冯岩推门进来时,脸上堆着一种罕见的、近乎讨好的笑。
他手里捏着那份新合同,纸张边缘在日光灯下泛着微弱的光。
“子墨,董事长亲自批的,涨三倍。”他的声音比平时软了三分,“今晚就签,明天生效。
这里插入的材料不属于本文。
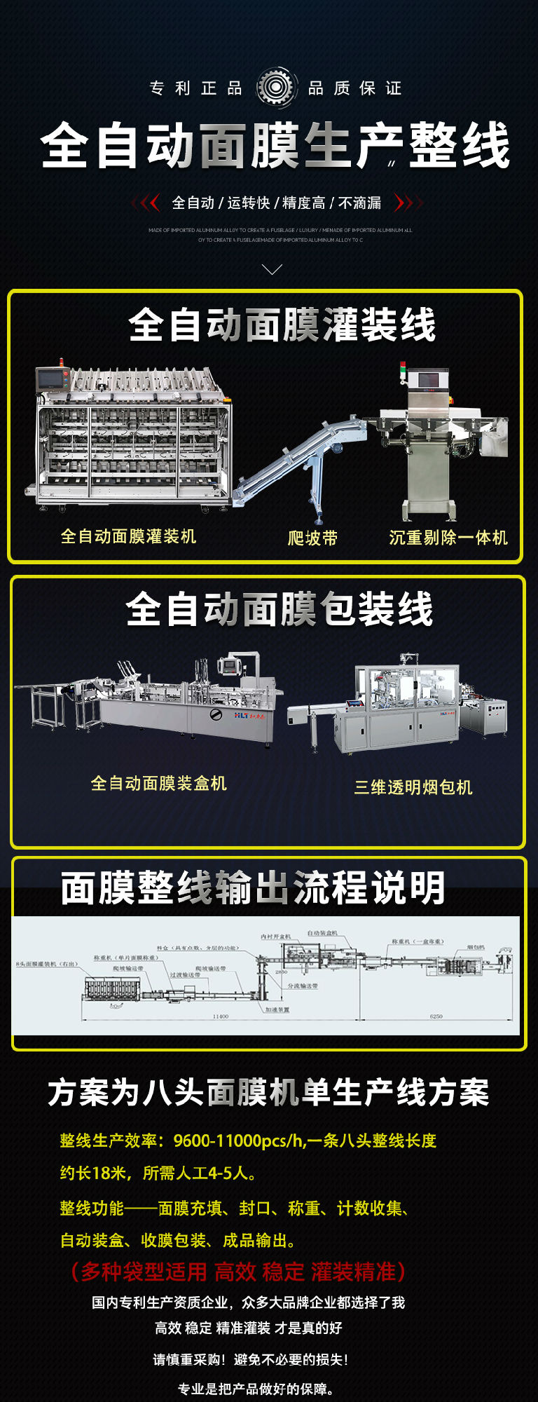 全自動面膜線看似增加成本,然從整體考慮,一條面膜線預計60-120萬成本(根據不同配置),定制另議;然從簡單的這摸到灌裝,包裝、裝箱,從原來的一條線20幾個人,我們3-5人可以操作完成,而且輕松,產量更是可觀;因現實上班的是80-00后人員,用上機械化,給公司節(jié)省了社保、人員工資、管理和安全成本等。

”
我看着他,没接话。
办公室很静,能听见中央空调出风口细微的嘶嘶声。
我从抽屉里拿出两样东西。
一份是谢宇那边寄来的录用通知书,另一份是今早打印好的辞职信。
我把它们叠在一起,慢慢推过桌面。
冯岩的笑容一点点僵住,像是糊在脸上的泥浆,慢慢干裂。
他嘴唇动了动,没发出声音。
三十分钟后,董事长的电话来了。
秘书的声音压得很低,只说马总想见我,现在。
我走进那间阔大的办公室时,只开了盏台灯。
马长荣陷在皮质转椅里,半边脸埋在阴影中。
他喉咙里滚出沙哑的声音,像砂纸磨过木头。
“年轻人,”他说,手指无意识地敲着桌面,“有些事,做得太绝,对谁都没好处。”
我没坐下。
窗外,城市夜景流光溢彩,而这间屋子里的空气,却沉得能拧出水来。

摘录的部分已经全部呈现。